When I was recruiting for CARE in London twenty years ago, the process felt clunky, but sincere. Applications came by post, HR filtered the pile, and you spent a weekend reading twenty or thirty of them, scoring each against the criteria. You’d imagine who these people might be, wonder how they’d fit, and inevitably be surprised when you met them.

“He’s nothing like I thought he would be,” we’d gush after the first interview, perhaps a tad disappointed. Then the second candidate would arrive, and we’d instantly revise our judgment of the first.

I want to be careful here, harking back to these times and to any over-reliance on the in-person interview. There’s a strong argument that you’d be just as well to flip a coin, rather than judge two candidates battling it out in 45-minute interviews. I’ve seen plenty of people ace their interview but then turn out to be terrible at their jobs – and vice versa.

That said, while my old team’s deliberations about candidates could be chaotic and subjective, at the same time they were undeniably human deliberations. We’d agree, disagree, wind each other up, have a laugh about it all, and then take a punt on someone. It was a messy chemistry of people trying to imagine other people in their world.

While an interview is only one piece of the puzzle, I hope these deliberations still play out in some teams because it feels instead now that many just outsource that time and imagination to algorithms. Which results in extra pressure on candidates to hit the right keywords, and on recruiters to do the same with the right filters. I think the combination of which can mean people, at times, feel unseen.

Technology was meant to create fairer hiring practices, however I’d argue some of the stuff that used to make it feel more real – the chance for surprise, or for discovery, or for seeing someone as more than a list of verbs and achievements – has been lost as a result.

In Trust We Trust

Truly one of the best litmus tests for success here is trust. Someone who’s seen you work, who believes in you, or introduces you to someone else – that format can work really well, and is devoid of an algorithm and a cover letter. This way of doing things is also, clearly, not comprehensive enough of a format on its own to work for everyone.

There likely isn’t one silver bullet that comes close to solving the dilemma of how to best fill all the roles out there, and all the needs. We will have to use the internet to advertise. I just think our systems for doing so have taken out some of the vital aspects of what used to be there.

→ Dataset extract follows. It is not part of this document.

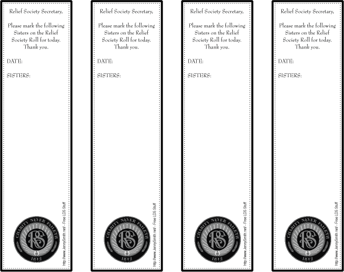 Kris says, “I made this for myself to use so that I could collect the names of the Sisters, it just helps when things get busy and saves getting scraps of paper with Sisters names and no other relevant details. … I also included a R/Soc Logo on the bookmark so that it was easily recognizable to be returned to Relief Society by YW/Primary. (Also if it was misplaced along the way, hopefully some kind soul would return it to Relief Society).”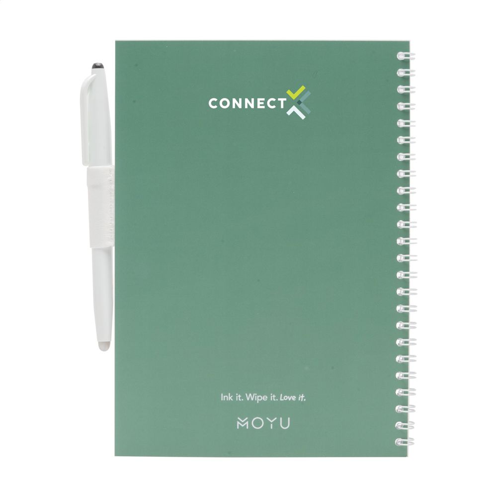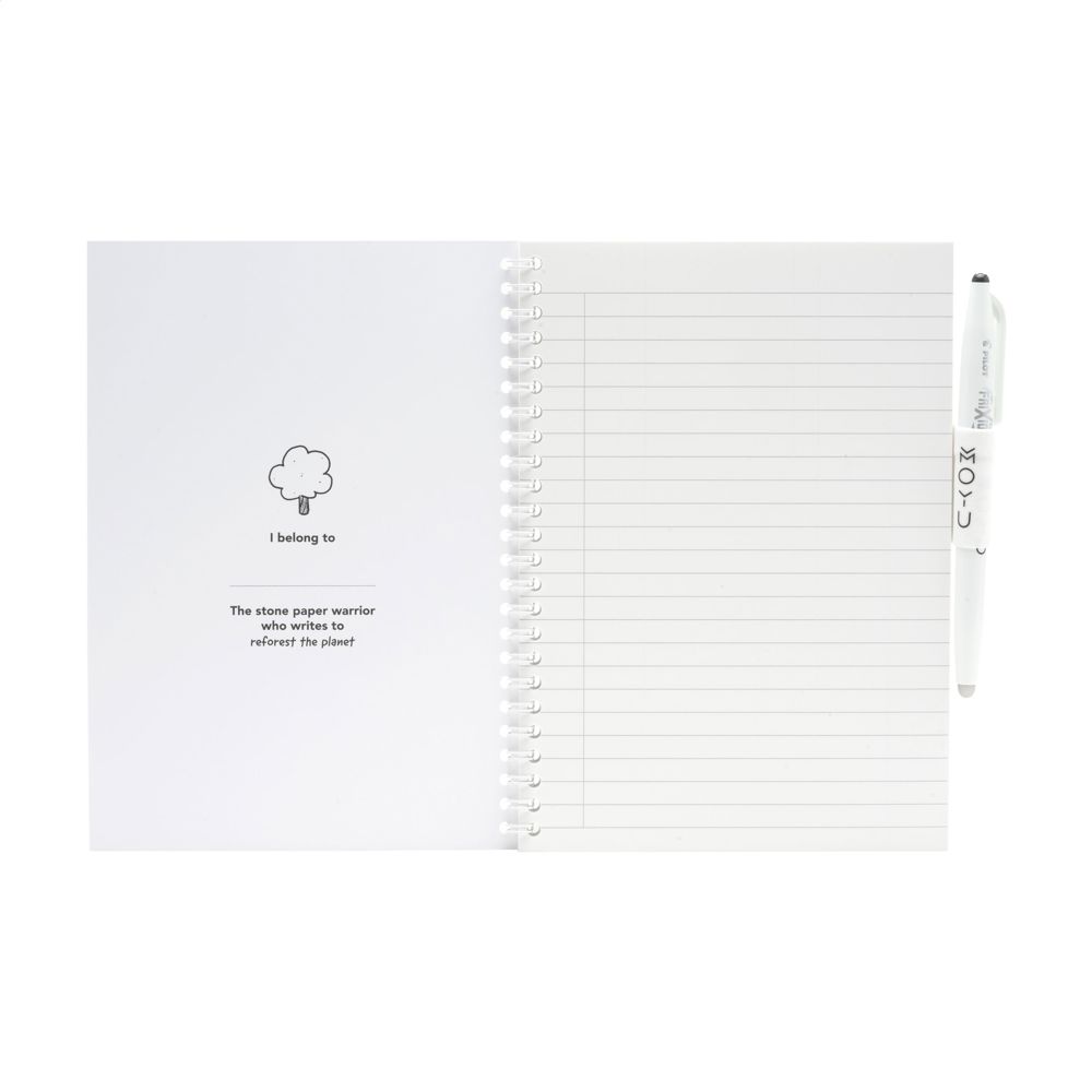 Uitwisbaar A5-notitieboek van steenpapier van het merk MOYU. Met buigzame 400 grams softcover. Inclusief pen en schoonmaakdoekje. Iedere steenpapieren pagina is van nature boomvrij en 100% recyclebaar. Dit notitieboek met elastische pennenlus, is gebonden in een sterke wire-o-binding en telt 18 pagina's gelinieerd papier. Maak je notities met de bijbehorende, speciale MOYU pen. De pen bevat de originele Frixion inkt. De inkt droogt volledig op steenpapier en is gemakkelijk uit te wissen zonder sporen achter te laten. Maak het meegeleverde MOYU doekje een beetje vochtig met wat water en wis de inkt uit. Zo blijven pagina's leeg voor nieuwe ideeën en to-do-lijstjes. Je kunt gemiddeld zo'n 500 keer op steenpapier schrijven. Dit notitieboek gaat jarenlang mee. Steenpapier is gemaakt van 80% kalksteen en 20% schone kunststof. Het is van nature vrij van bomen, en er zijn geen water en chemicaliën nodig om het te maken. De productie van steenpapier is daarom zuiniger en er is 67% minder CO2-uitstoot dan de bij productie van pulp papier. Bovendien is steenpapier eindeloos te recyclen, zonder nieuwe grondstoffen toe te hoeven voegen.

CVs written by ChatGPT, and rejections by chatbots – where do we go from here?

Perhaps the future of hiring is more about a ten-minute audio pitch instead of a cover letter? Have any organisations out there experimented with short paid trials? Or could claim they host interviews where candidates ask as many questions as they do as recruiters? I’d love to hear from anyone on this.

For me, anything that reintroduces more elements of curiosity, risk and humanity into the exchange would be refreshing.